Dutch Mistress (2013) is profiled in softening summer-hot glow, her bowl cut snappish in cantaloupe orange. Her bouffant hair, plumulaceous, secludes the skull itself. What does the shape achieve? Powder puff, acorn, vessel, rotunda, halo. Holbein’s stoicism meets Steven Shearer’s boys of willowy lustiness—or Russian icon painting; the silhouette serves as a template for Androgynous Angels, a series of profile portraits modeled on and by Kenneth Bergfeld.
Inaugurating his Angels, Kenneth Bergfeld took a fancy to Hokusai’s Thirty-Six Views of Mount Fuji (1830-1832), whose ombré skies and undulant clouds accumulate in Androgynous Angel VIII (2018). Repetition and attention intensify into saturation: if one pays attention, one sees “it” everywhere. William Gass knows this in On Being Blue by tracing the color it bleeds: “Russian cats and oysters, a withheld or imprisoned breath, the blue they say that diamonds have, deep holes in the ocean.” 1 Blue: private, cosmic, characteristic. Gorging on obsession, Gass’s attention becomes a portal, a fantasy you can almost step into. Bergfeld’s solo show, I, Spider at Project Native Informant, knows this: “I know now that it—I, Spider—was not about possessing, but about being possessed / by the forces that ran through me and this work unifying us eternally.” Each Angel is a twofold figure: Bergfeld viewing himself through the eyes of others. His lips—pink and beige and prominent—relay the constancy alongside each crest: a cloche-like cushion of luminous angora, it mushrooms into a dome, shrouding the head in a chatoyant shell. Each Angel is tailored to their environment. Angel VI (2018) is a princely apple of pulsatory red; trees littered with superfluous blossoms occupy the pointillist backdrop, in turn blurring into his turtlenecked torso of medieval gem embroideries. See, in other works, Georgia O’Keeffe white flowers floating in planetary blue, the face levitating; hair of beryl and seafoam green, its outline licked in flames; a tree of cinnabar lacquer deconstructing with branches lurching like antlers behind an angel’s crest of lynx-like spots splintered by spikes. Each angel is satiny and pearlized—with canvases primed repeatedly—encompassing, like a Raf Simons silhouette, a starched cowboy hat.

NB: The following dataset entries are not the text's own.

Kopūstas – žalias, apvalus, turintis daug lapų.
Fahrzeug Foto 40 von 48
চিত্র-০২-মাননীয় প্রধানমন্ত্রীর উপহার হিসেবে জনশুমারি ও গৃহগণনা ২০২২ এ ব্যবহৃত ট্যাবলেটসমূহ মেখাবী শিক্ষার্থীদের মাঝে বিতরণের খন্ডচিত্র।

The repetition of form dissolves essentialism: it breeds difference. Bergfeld’s series’ most recent iterations, titled I, Spider (2019), resemble textual devices of mimesis. For Jacques Derrida, the text is always “double,” bowing to perpetual, infinite precedents, while for Roland Barthes, the text is woven, and in this making, “the subject unmakes himself, like a spider dissolving in the constructive secretions of its web.” 2 Yet through these very secretions, the subject resurfaces, albeit in disseminated form. Bergfeld echoes this; in his paintings’ independent reality, the self is deconstructed and strained by the existential. It is a scrutinizing reflection on color, texture, and structure over time, viewing one’s subjectivity through the eyes of others, as well as how one changes over such a period. It is this oscillation between repetitious form and form’s fundamental change that renders precision and extravagance, a combination of form and formlessness, a pristine structure’s lurch toward collapse.

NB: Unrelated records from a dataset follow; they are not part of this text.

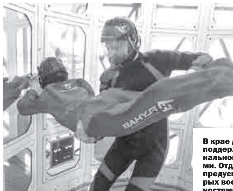
Без помощи инструктора на первых порах не обойтись.

проработать основные упражнения на детях уже в условиях аэротрубы. И потом уже инструкторы отрабатывают с детьми полученную в теории информацию.
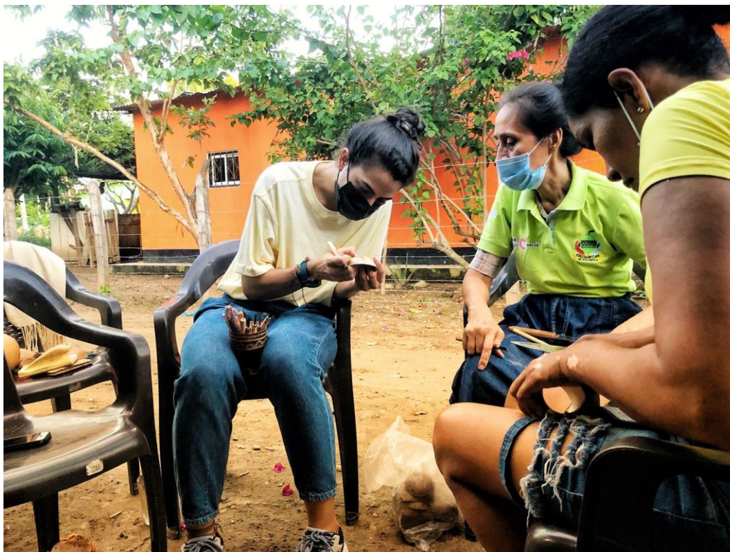
Fotografía 19. Asesoría puntual de muestras de productos. Vereda San Eduardo, El Banco Magdalena, 2021.

Se enfatizó en el acabado / pulido del totumo, realizando actividad práctica de lijado, elaborando el paso a paso para la eliminación total de la cascara del fruto, cabe resaltar que el grupo artesanal no realizaba este proceso como acabado de sus artesanías.
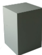
> AR163 > AR164 > AR165

Where icon painting emphasizes the eyes, Bergfeld erases the eye with a snowy orb; the lips, however, coax lyricism. Reinforcing the metaphysical relationships withheld by his angels, his spiders, Bergfeld has performed to his paintings with readings of messianic purple prose. For The Spire, Pt.1 (2018) at Hospitality, Cologne, Bergfeld adopted the persona of Kenny Unrest in an aural phantasmagoria: birdsong, little bells and stinging synths, talk on heat and stringency, the baking of challah, a violin’s bow. In a small loft populated by his plush-headed figures veiled at the neck with silk neckerchiefs, the effect echoes a woozy Carthusian cloister. Scenes of deep introspection worm into Bergfeld’s repertoire, reminiscent of Ezra Pound on his short imagist poems as concentrated equations: “record the precise instant when a thing outward and objective transforms itself, or darts into a thing inward and subjective.” In a larger canvas, one stands in a heady violet marshland swathed with white calla lillies, great lounging leaves and magnified pansies—some stippled, others waterlogged. Monastic, the figure echoes Charles Rennie Mackintosh’s ethereal women unfurling into tulips, roses, and filigreed trellis, indivisible from their structure. Scarlet red, another sits among Impressionist roses, shadows swallowing the eyes, narrative spilling into the dark. Echoing Picasso’s Garçon à la Pipe (1905), whose original flowers sweep like wings, Bergfeld gestures toward the struggle of painterly justification. Made during Picasso’s Rose Period, the boy is immortalized. Rose: a period, a tone you see everywhere; no doubt it matches Bergfeld’s own attention, it is already double. On Bergfeld’s terms, it may also be devotional.
- Alex Bennett is a writer and editor based in London.